Influence of structural characteristics for overhead ground wire on arc root under lightning strike
When overhead ground wire (OGW) is struck by lightning, the damage or rupture accident occur. This is unacceptable for the stable operation of the power system. Therefore, the investigation on the lightning-induced damage mechanism of OGW is significant for the optimization of lightning protection measures. Combined with the structural characteristics of OGW, this paper evaluated the thermal ablation damage of OGW caused by lightning strike, which provided the data support for the damage mechanism research.
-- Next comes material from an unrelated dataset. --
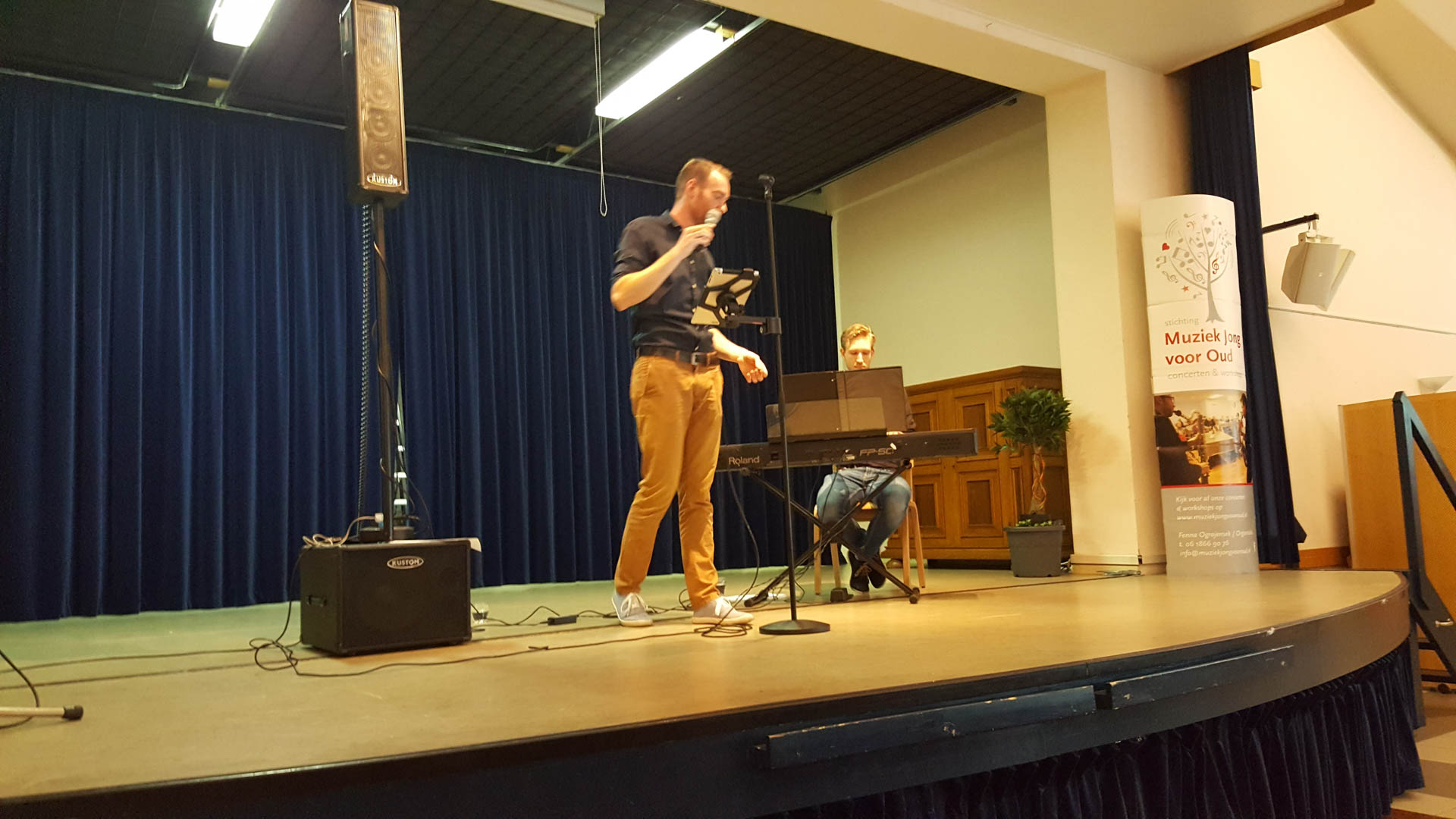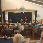 Na de pauze met koffie/thee en vlaai was het de beurt aan Rob Reynders en Ben van Daal. Rob uit Roermond studeert Jazz Zang aan het conservatorium te Maastricht. Hij is een duizendpoot: Hij zingt, dirigeert, speelt bugel/trompet en piano. Hij componeert en arrangeert, maakt theater en schrijft sketches en gedichten. Zijn partner Ben van Daal, afkomstig uit Linne speelt al ruim 12 jaar piano en heeft een grote interesse voor de Russische klassieke muziek ontwikkeld. Hiermee heeft hij al vele internationale prijzen gewonnen zoals de hoofdprijs van het concours Prix Dominique in Venlo en de 2e prijs van de Piano3Daagse Rotterdam. De heren brachten voortreffelijk muziek ten gehore die bij de aanwezigen gasten goed in het gehoor lagen. Er werd volop meegezongen, met handen gezwaaid en iedereen deed op zijn of haar manier mee.

Firstly, the magnetohydrodynamics (MHD) models based on OGW and plate structure were established. The current density distributions as well as the arc root radii of OGW and plate under lightning strikes were compared. The thermal ablation damage model of OGW was also established. The influence of arc root radius on thermal ablation damage evaluation of OGW under continuing component of lightning current was analyzed. The results show that the arc root radius of lightning striking OGW is reduced by at least 50% compared with that of lightning striking plate. When using arc root radius of OGW for modeling, the results of the thermal ablation damage model are consistent with the reported experimental results. The maximum error is 9.80%. While the arc root radius of plate is adopted, there is an obvious difference between the thermal ablation damage model and the experimental results. The maximum error exceeds 20%. Therefore, in the numerical modeling of thermal ablation damage of OGW, it is necessary to consider the influence of structural characteristics of OGW on arc root radius.